Well, you'll have to travel to Russia to see it. And you won't believe who it's not about.

From a Feb. 5 Reuters article:

A young KGB spy falls in love with an air hostess called Lyudmila and then conquers the Kremlin.

Sounds familiar? The plot of Russia's latest film bears a remarkable resemblance to the life of President Vladimir Putin.

The film, "Kiss Me: Off The Record", breaks a taboo which has kept Putin's love life firmly under wraps.

The official release is set for Valentine's Day, two weeks before Russians vote for a successor to Putin, who is stepping down after eight years in office. Backers hope to outdo recent Hollywood hit "Pirates of the Caribbean" in Russian DVD sales.

You'll also want to see this deliciously bitchy Feb. 7 Guardian piece:

"What is he like in his life and in the family?" ponders the movie's strapline. "What is he in his soul? Will he have room left in his heart for love?"

Compelling questions, every one. And yet the answers may not be readily forthcoming, seeing as the film is only being released in Russia, on DVD, and might not even be about Putin anyway. "It is a story about a woman whose husband is very busy at work," explains its producer. "A woman who wants a family and children and wants to see her beloved person close to her." Yeah, right. Put that way, A Kiss: Off the Record doesn't sound half so interesting.

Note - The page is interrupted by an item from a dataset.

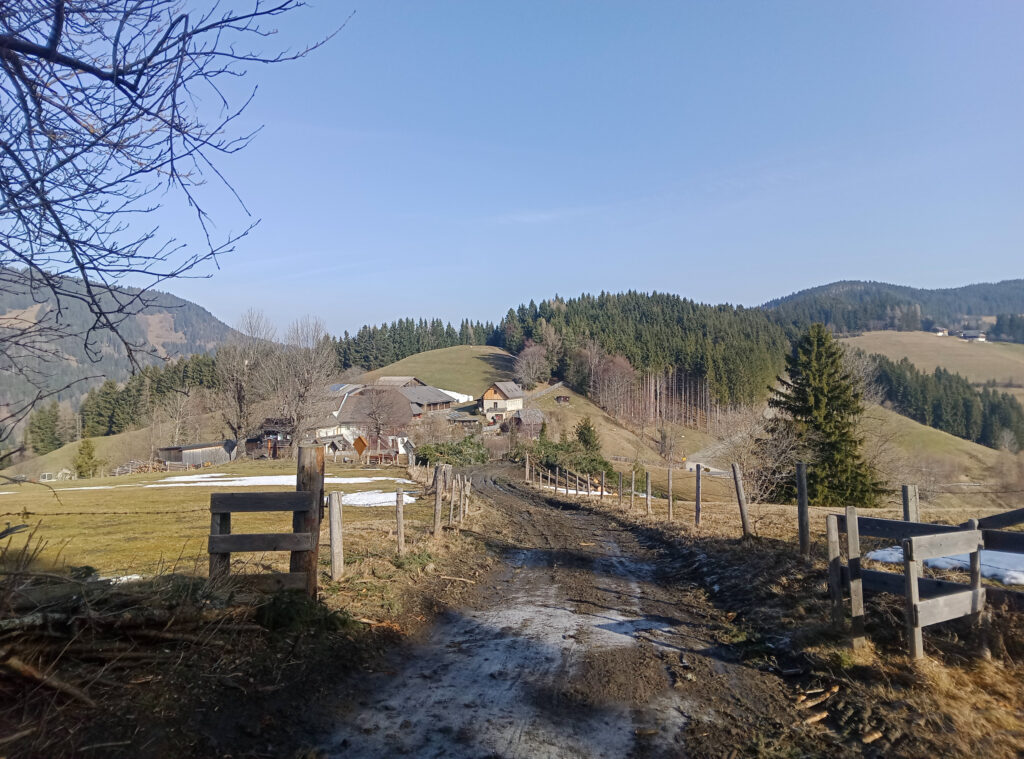 Der Abstieg erfolgt zunächst nach Westen, und anschließend steil über Wiesen an einem Zaun entlang nach Süden. Zuletzt einige steile Meter weglos (habe irgendwo eine Abzweigung verpasst…) erreiche ich die im Talboden liegende Sandstraße, welcher der 02er eigentlich folgt, somit bin ich wieder zurück auf dem rechten Weg. Nach wenigen Minuten erreiche ich die nicht wirklich hübsche Teichalm, wo der Tourismus doch arge Spuren in Form von übertriebenen Luxus-Hotels hinterließ.

It's hard not to have some sympathy for the outgoing Russian president, who seems peculiarly cursed by these cinematic incursions into his private life. A few years back, for instance, he was reported to have been furious with the makers of the Harry Potter films over his perceived resemblance to Dobby, the house elf.

Who cares whether this story was true or not. I can so picture the scene. Poor Putin, settling down in his local Multiplex to enjoy the latest adventures of the pubescent boy sorcerer and his fetching little witch, only to find himself troubled by a growing disquiet. Who is that grotesque goblin that keeps running onto the set? Has he perhaps met it somewhere before? And then the thunderclap of revelation. His popcorn falling from nerveless hands; an explosion of mirth in the audience behind. "Hey Pooty! That thing look just like you!" A horrible memory; his evening ruined. First that - and now this.